The Fibonacci sequence is a classic example that demonstrates the use of recurrence in solving problems. The sequence is defined as follows:

`F(0) = 0, F(1) = 1`

`F(n) = F(n-1) + F(n-2) for n > 1`

This recurrence relation states that each term in the Fibonacci sequence is obtained by adding the two previous terms together. By applying this relation recursively, we can calculate any term in the sequence efficiently.

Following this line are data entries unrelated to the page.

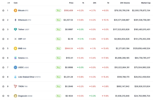 Bitcoin has fallen 2.9% in the past 24 hours and 8.9% over the past week. At the time of writing, the coin is trading at $100,110.
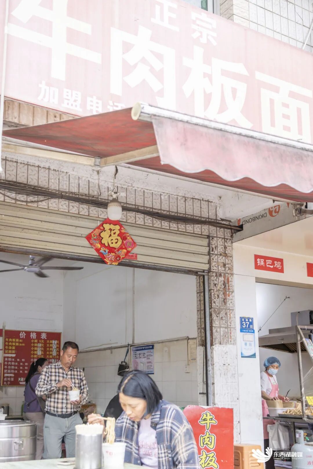 位于走马岭农贸综合市场的正宗牛肉板面店,店主张军其是河南商丘人,2017年来到走马岭。“之前随父母在北京做板面生意,自己小孩上学问题无法解决,了解到走马岭这边很多河南老乡做生意,就举家搬了过来。”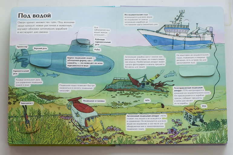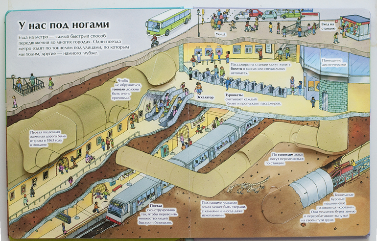 Не устаю любить и восхищаться этой книгой, хотя иногда мысленно вою, когда сын (в который раз!) тащит ее читать. Ведь это так интересно, сидя дома на диване, заглянуть на морское дно и узнать, что нашел в куче водорослей подводный аппарат, или прогуляться по круизному лайнеру и даже посмотреть, как копают метро! Книга научит вас передвигаться в пространстве и времени, так как часы за ее «чтением» летят незаметно.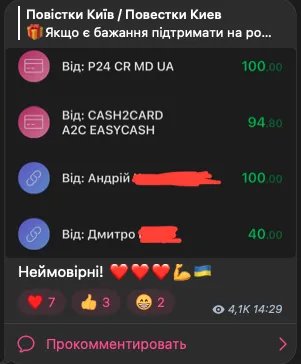 Один из самых популярных киевских Telegram-каналов, у которого почти 117 тысяч подписчиков и пишет о вручении повесток в городе, переживает трудные времена. Администраторы стали просить у людей донаты «на развитие и кофе».

### Implementation in Python:

``````def fibonacci(n):
if n == 0:
return 0
elif n == 1:
return 1
else:
return fibonacci(n-1) + fibonacci(n-2)
``````

The above Python code demonstrates a recursive implementation of calculating Fibonacci numbers using recurrence. It uses two base cases to terminate the recursion when `n=0` or `n=1`. For any other value of `n`, it recursively calls the function to calculate the sum of the previous two terms.

## Conclusion

Recurrence is a powerful technique in data structure and algorithm that allows us to solve complex problems efficiently. By breaking down a problem into smaller subproblems and solving them independently, we can often achieve better performance and more elegant solutions. Understanding how to identify subproblems, define recurrence relations, specify base cases, and combine solutions is essential for mastering this concept.